Any student who receives at least part-payment of youth allowance can also receive a range of other support, of particular benefit to regional students and their families. These include the Student Start-Up Scholarship of $2,254 each year, higher away-from-home rates for youth allowance payments and relocation scholarships of $4,000 in the first year and $1,000 for each year thereafter. More students will also qualify for youth allowance as a result of changes to the age at which they are considered to be independent from their parents. At the moment students are not considered to be independent until they are 25 years old, unless they can demonstrate their independence in other ways. This age limit will be progressively reduced to 24 years in 2010, 23 years in 2011 and 22 years in 2012.

Some students undertake paid work to demonstrate independence from their parents, but the Bradley review found that many students who qualified for youth allowance in this way came from better-off families. More than one in every three students came from families who earned an income of more than $100,000, almost one in five came from families earning more than $150,000, and one in every 10 students came from families earning more than $200,000. The Youth Allowance was designed to help less well-off families give their kids a decent education, not help those who can well afford to send their children to university. The government’s tough decision to tighten the workforce participation criteria for independence means that more support will go to students who need it most, including many from rural and regional Australia.

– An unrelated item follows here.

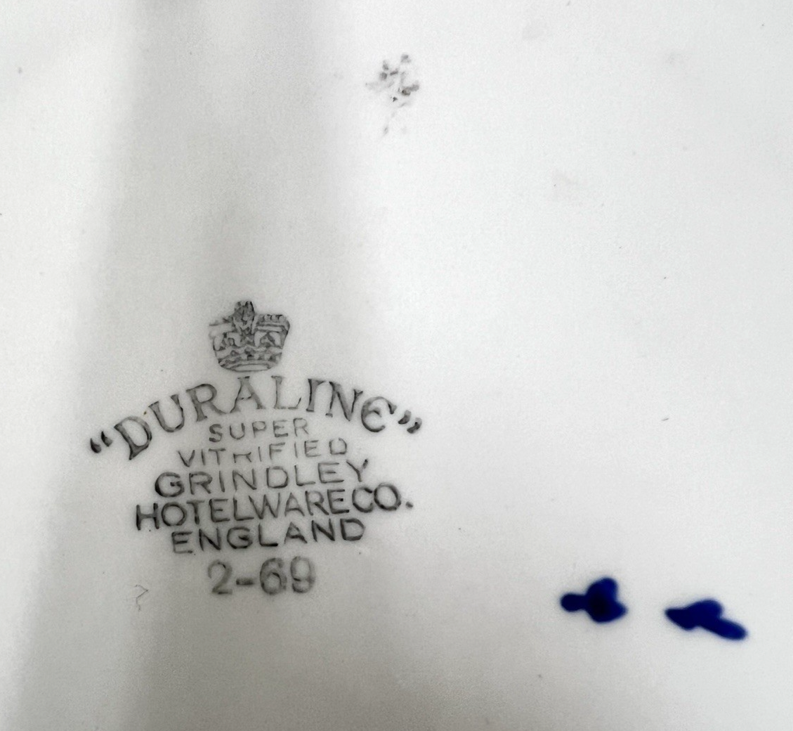 Vintage Canadian National Railways Maple Leaf Logo Pattern Blue Gold Stripe Rim Border Accent measures approx. 8" Lunch Salad Plate. Very good condition plate with minimal if any signs of use, colors and logo pattern in very good condition. Duraline Grindley Hotelware England 2-69 backstamp. See pictures.

All central Victorians have welcomed the $32 a week increase in the single age pension and $10 a week increase for couples that was announced in the budget. This is great news for older Australians, many of whom are finding it hard to make ends meet in the current economic climate. In December last year, the Rudd government made lump sum payments of $1,400 to each single pensioner and $2,100 to each couple, payments that did their bit to support retailers, as I mentioned earlier. I estimate around 17,000 central Victorians will benefit from the increase to the age pensions, and this will inject an additional $15 million into the local economy. Of course, this pension increase is just one step Labor has taken to reduce the impact of the global economic crisis on pensioners’ budgets.

The Rudd government’s other initiatives to help older Australians include reviewing the value of investments following the recent dramatic falls in share markets, twice lowering the deeming rate to take account of lower investment yields and tax bonuses of up to $900 for self-funded retirees who paid tax on their investment income last year. As you can see, the Rudd government is not neglecting regional Australia and it has certainly not been neglecting central Victoria, with $145 million invested in the region in its first 18 months of government.

So how would that compare with the coalition’s record when they were in government? Their record has to be the very definition of neglect. With the exception of the Calder Highway duplication, which they had to be dragged kicking and screaming into funding, in almost 12 years of coalition government we saw only a tiny fraction of investment in my electorate compared to the Rudd Labor government’s massive boost, which is designed to cushion the impact of the financial crisis we inherited. While the Liberals and Nationals were pork-barrelling unviable projects in their own electorates under their discredited Regional Partnerships program, the infrastructure of central Victoria was left to crumble and decay. Of course, the story was the same under the coalition state government of Jeff Kennett: schools were closed, hospitals were shut, rail services were terminated and road improvements and maintenance were neglected. It has taken Labor governments in Melbourne and Canberra to start to restore the infrastructure of regional Victoria, and this year’s Commonwealth budget is Labor’s latest commitment to the regions. Central Victoria will enjoy a major uplift in its schools, health care services, transport infrastructure and community facilities from the Rudd government’s latest budget. I congratulate the Treasurer on bringing down a budget that is appropriate for the economic circumstances that we face as a nation and I commend the budget to the House.